Later, a pilot will have described the enemy as flying in crescent-shaped harbingers of death, their stare a red wink that scanned back and forth looking for the next target. Later, the whispers will be of Cylons or new Tauron technology. Later, there would be tears.

But at the time there was just the stampede of feet, the press of panicked bodies in tight corridors as Picon Anchorage was evacuated under the hail of fire and brimstone. Even in the midst of turmoil, identification was still checked at the airlock to the Battlestar Cerberus, until it became a mass of faces and a knot of tangled bodies. Picon Anchorage was losing its hold against the barrage, it was giving out and soon it would buckle against the vacuum of space. The Battlestar had to undock, or risk what lives they were able to save. Rats from a sinking ship is too strong a term, for these were people. Souls. Slapping their palms into the metal, crying out for salvation, and as a last ditch effort they tried to pry their way through the airlock that was closing them off, that was damning them to the agonizing chill of death. And that's when the marines opened fire.

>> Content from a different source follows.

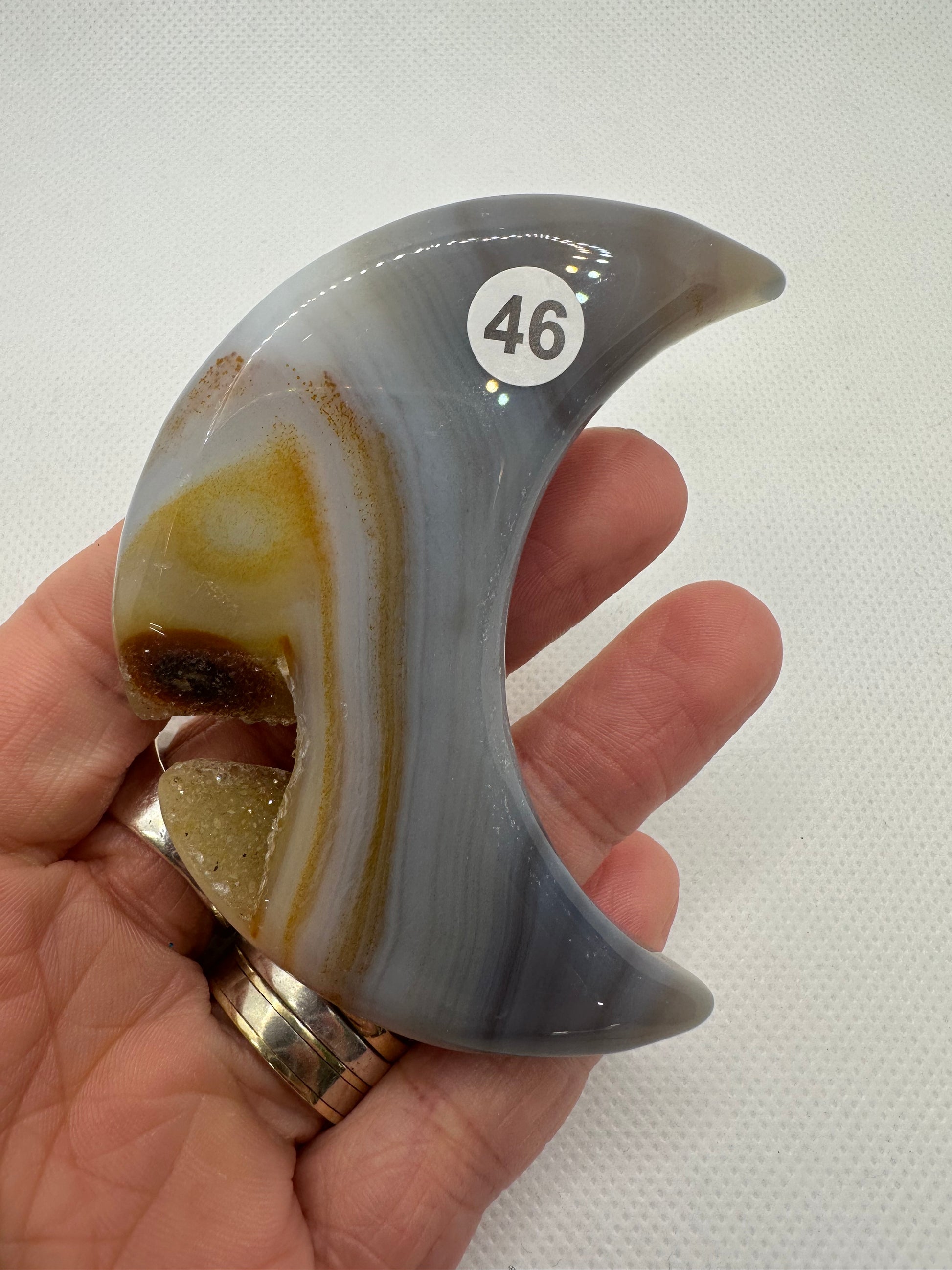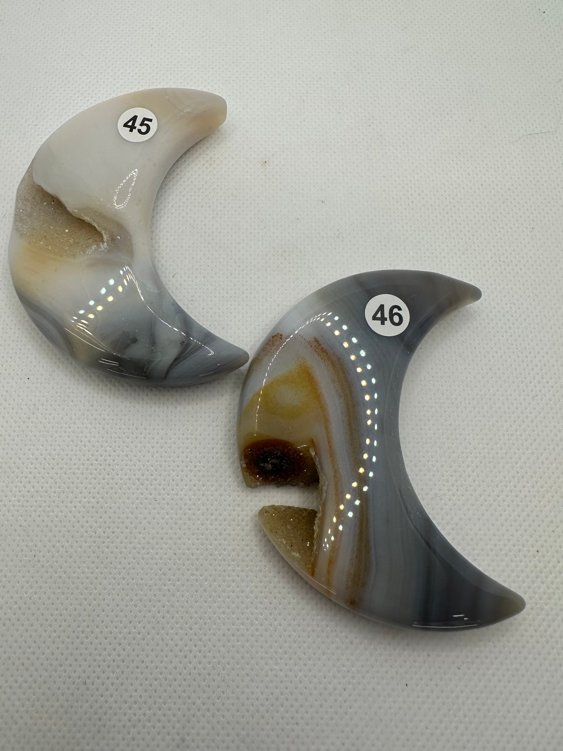 Experience the beauty of Agate Moons. Our premium quality Agate Moon features unique natural patterns, making each piece one-of-a-kind. With its soothing and grounding energy, it's perfect for enhancing balance and promoting inner strength. Add a touch of elegance to your collection with Agate Moons!

A necessary evil. A fated atrocity.

The men and woman in the corridor that had to make and follow those orders are being recommended for the Colonial Medal of Bravery. But a pin on their sash is not going to appease their conscience. A pin on their sash will not erase those haunting faces that will forever flood their dreams. We survived, but others did not. Now, is when the costs are weighed and the result is heavy on the soul. And still we ask: what happened?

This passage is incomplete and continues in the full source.